Wednesday, November 19, 2008
Irving Brecher, Hail and Farewell!
He wrote for the Marx Brothers and lived to see South Park. Now that's what you call living through a whole lifetime of entertainment.
No wonder he's died. Wouldn't you?
Irving Brecher was the only man to ever get solo writing credit on a Marx Brothers movie. He was also a good friend of Groucho's and, if rumours be believed, an occasional stand-in for him in MGM publicity photos when the man himself was elsewhere. As you can see, they do look sort of similar. (He's the one on the left.)
Brecho, who also wrote lots of proper films including Meet Me In St Louis, was 94. I'm not going to get sentimental and claim that either of his efforts were great Marx Brothers films; in fact Go West gets my vote as the worst, and by a pretty safe margin.
But Brecher is not the man to blame. For one thing, one man in a room on his own is simply not how great Marx scripts get written: they need the energy of noisy collaboration, the escalating invention that comes of great writers coming up with toppers, then topping the toppers, then topping the topper that topped the topper.
Secondly, a great Marx Brothers film needs energy from the performers, and by the time they made At The Circus and Go West the boys were almost completely devoid of enthusiasm, spontaneity and improvisational spark. They just go through the motions, so that even Brecher's best lines don't get the treatment they deserve.
Most importantly, and not coincidentally, these films suffer from the MGM effect. MGM was where great comedians went to die; they simply had no idea about comedy, and no qualms about enforcing that ignorance on the comedians they hired. The Brothers had found something approaching a kindred spirit in Irving Thalberg, the young maverick who saved their careers with A Night at the Opera, but when he suddenly died during production of A Day at the Races they were left to the mercy of Louis Mayer, who hated them.

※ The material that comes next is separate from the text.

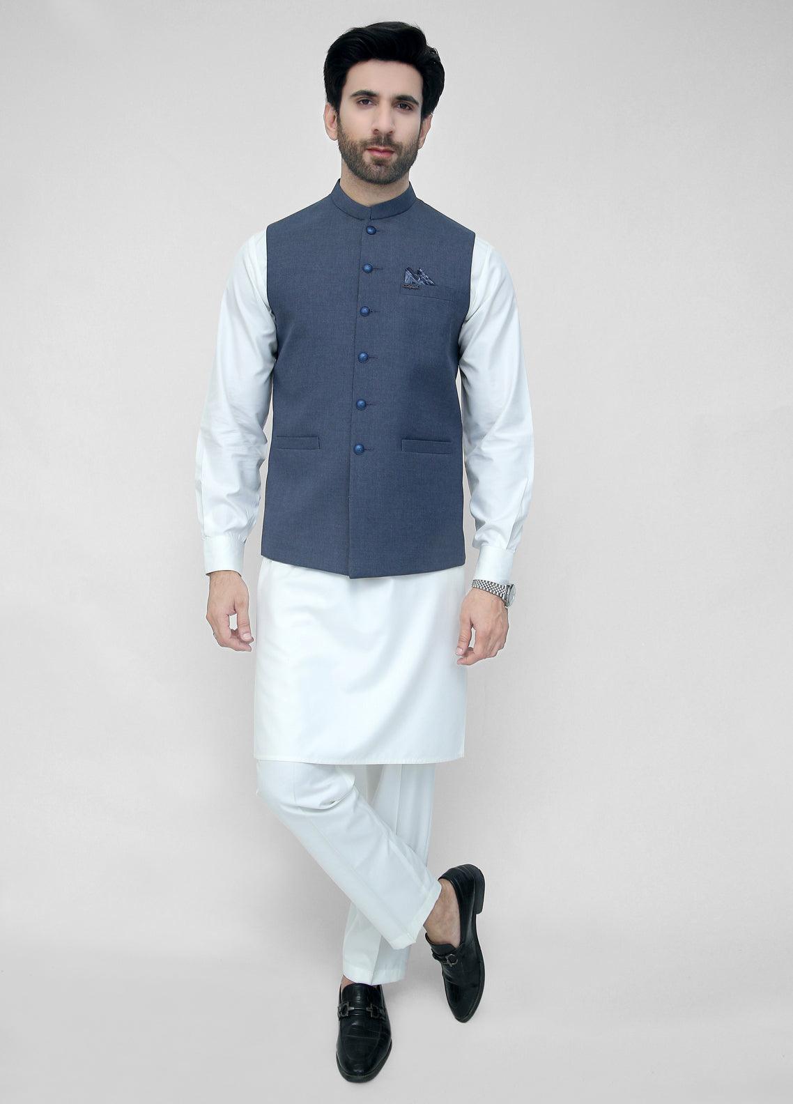Stylish and modern denim blue men's waistcoat, perfect for adding a contemporary touch to traditional and formal outfits. Ideal for weddings, festive events, and special occasions.

MGM were literal about everything; everything had to be explained, nothing could be funny for the sake of it. They understood nothing of comedy characterisation, and set about ruining the Marx screen personae with the same zeal they wielded to finish Keaton and would soon use to poleaxe Stan Laurel.
The Paramount Marxes were spirits, ideas floating on air, with no more substance than the sum total of the words they said and the things they did. At MGM they're wacky. They're funny fellows. Chico is an obtuse simpleton with a meaningless foreign accent, Harpo is a figure of puckish near-pathos, and Groucho is a funny conman, a wisecracking incompetent sporting - in both Brecher movies - an obvious and repulsive wig.

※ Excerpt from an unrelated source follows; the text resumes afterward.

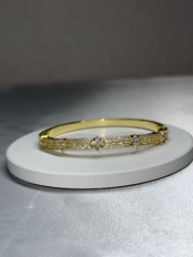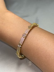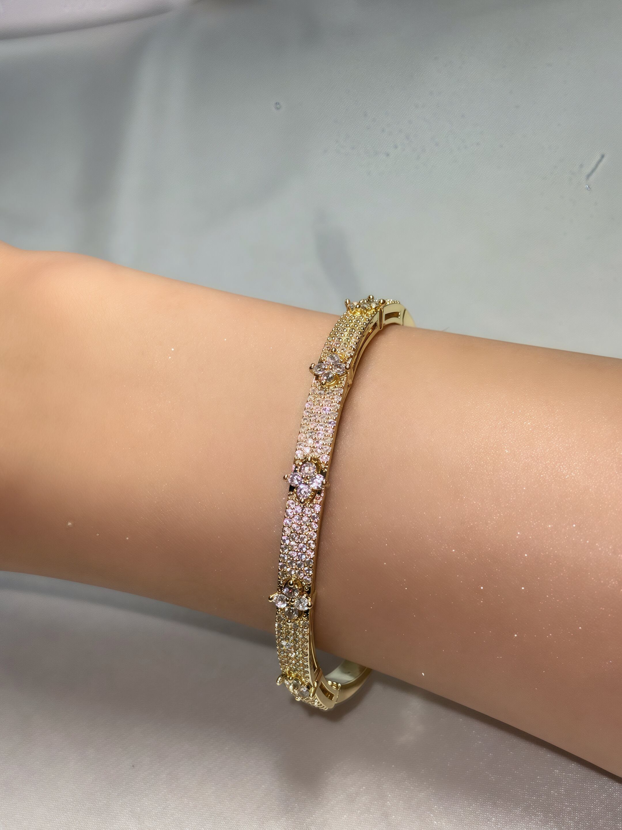 洗練された大人可愛い魅力を持つ、Blossomです。このおしゃれなバングルは、ゴールドのキラキラとした輝きが特徴で、あなたのスタイルに華やかさをプラスします。シンプルでありながら、おしゃれ感溢れるデザインは、デイリーファッションから特別なシーンまで幅広く活躍するアイテムです!手元を素敵に彩るBlossomをぜひご体感ください。

These are the problems Brecher inherited along with the commission and it should be said that, especially in At The Circus, he makes a far better job of it that we have any right to expect. Look past the MGM sheen, and Groucho's wig, and Harpo's sneezing, and there's plenty to enjoy. It's an under-rated film, not far below the standard of A Day At The Races, its somewhat over-rated predecessor.
The scene where Harpo and Chico search the strongman's room is vintage stuff, as is the final image of the orchestra floating obliviously out to sea; the Groucho-Dumont scene is good enough, and there are a couple of good moments in the gala dinner - Groucho counting the heads and musing on the unlikelihood of getting seconds, and stalling for time with "I'll have another cup of coffee!", the film's equivalent of "and two hard-boiled eggs".
I also like the scene with the midget and the cigars. So what if it's out of character? So was the tutsi-fruitsi ice cream sketch in Races. At this stage of the game, I say if it's funny be grateful for it. The days when you could afford to be picky about this sort of thing were long gone by this point. Likewise, the slapstick finale may well be a cruel misuse of the team's true talents, but it's good fun.
So no, Irving Brecher did not write great Marx Brothers movies. But as James Agee wrote of A Night In Casablanca: "It is beside the main point to add that it isn't one of their best movies; for the worst they might ever make would be better worth seeing than most other things I can think of."
My sentiments exactly. Irving Brecher, hail and farewell.